How could they still be here? Some developer should have snapped up the huge block, cleared it, slashed it, veined it with new streets with bromidic names like Spinnaker Court and Mahogany Place, and salted it thickly with pastel-rendered McMansions. Yet here they were, extant and untouched. Was it Crown land, fiercely guarded by some cleverly written covenant? Maybe a park was planned? Perhaps the developers were just waiting till house prices boomed again?

Nicholas’s feet crunched on gravel, and he stopped.

He stood on the same path he used to take home from school. A path on which he’d found something small and disturbing, something silently awful and strange and offensive …

His nostrils flared and his heart—as if having heard its own starter’s pistol—began thudding in his chest. The memory of a hot November day a quarter-century ago reached out of the woods, put its sly hands inside him, and knotted his stomach. He’d been ten. He was with his best friend, Tristram. Running. Terrified. Chased. Soon after, Tristram was dead.

Apart from the silvery whisper of the chill air in the leaves, the night was silent.

Nicholas realized he was avoiding looking at the tree line. He dragged his eyes from the bright crowns of the trees down to the dark trunks. They stood like a row of black teeth, endlessly huge, stretching left and right into the night. The maw of some undersea thing, some behemoth, sentient and unquiet. Waking as it scented prey.

Something’s coming.

The woods were alive. His heart hammered behind his sternum. Something inside the trees had sensed him, tasted him on the cold air. Recognized him.

It was coming.

Go!
he yelled in his head.
Run!

But his body was frozen. His feet would not move. His fingers hung cold as icicles. His eyes were locked on the darkly grinning trees, waiting for them to open and for whatever they held to reach from their damp innards and take him and consume him and leave him slit and empty and drained as Tristram’s little body had been so many years ago. And part of him welcomed that fate.

Nicholas flinched. A raindrop hit his scalp. Another, his cheek. And another. His head, as if released from some dark spell, jerked upward.
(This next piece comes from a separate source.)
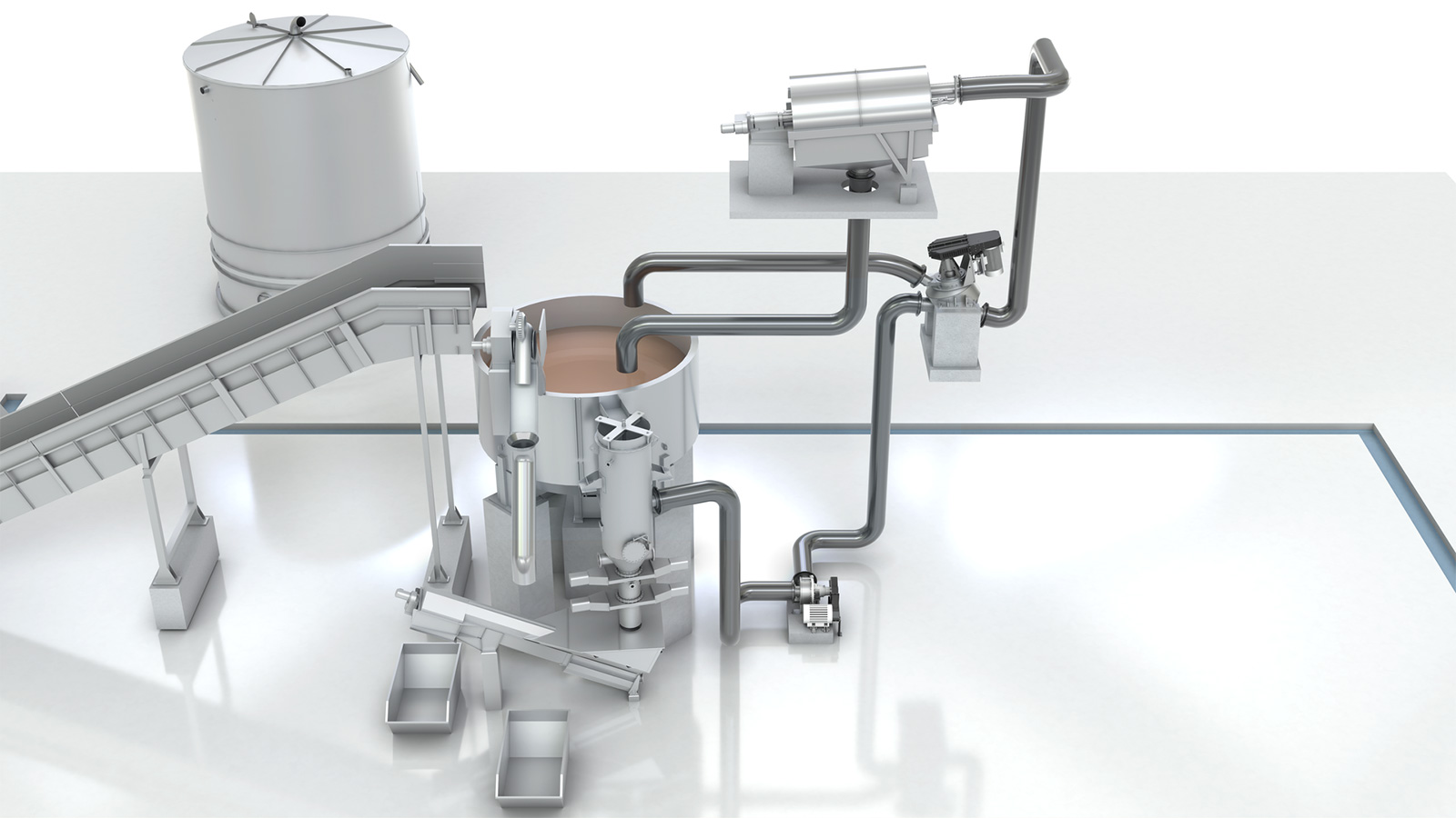 Every component of BluePulpLC contributes to more efficient and reliable resolution. Compared to conventional LC pulpers, energy consumption can be reduced by up to 25 percent with the eccentric IntensaPulper IP-R. The improved IntensaPump conveys the highly contaminated stock flow from the IntensaPulper IP-R to the IntensaMaXX disposal machine largely free of blockages, enabling energy savings of up to 30 percent and reducing wear at the same time. IntensaMaXX allows for maximum contaminant contents, while the special shape of the housing suppresses the formation of spinnings. The IntensaScreenDrum screening drum washes out rejects very efficiently, thanks to sophisticated spray pipes, and minimizes fiber losses.
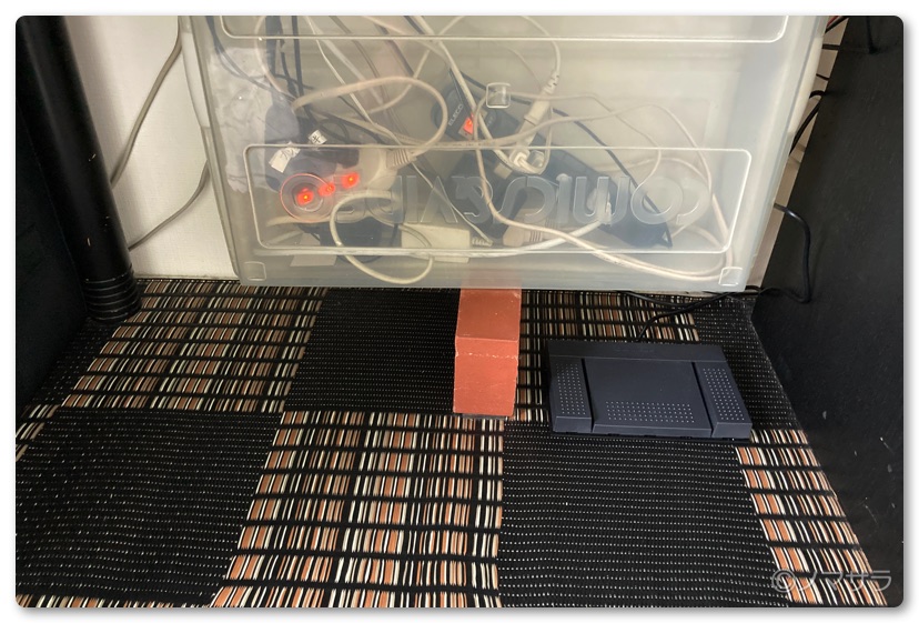場所は机の下の右足側へ。実際使うときは写真よりもう少し奥に置いています。

The sky, clear and starry at the airport, was now an eyelid half-closed; clouds as black and inscrutable as the woods before him had consumed the sky to its zenith and were marching further overhead, already dropping their ordnance of cold, heavy drops.

A whisper of white flickered at the corner of his eye. He turned, catching a glimpse. Something small and pale flickered away between the dark trunks, as if devoured by the trees.

His galloping heart was shaking his whole body. He again told himself to turn; this time his body listened, and he put his back to the biding woods and strode through the matchstick grass to his car.

It took all his willpower not to run.

  R
ain rioted on the tin roof.

Nicholas watched his mother pour steaming water into a teapot, glumly mesmerized by the billowing clouds of steam. The sight of her making tea was so familiar that it could have been transposed, with just a little loosening around the edges, from two decades ago. The kitchen had been freshened with new benchtops and a stainless-steel fridge, and his mother was the same, maybe a bit heavier and just a little shorter. Seventeen years, and nothing had changed. The thought made him tired.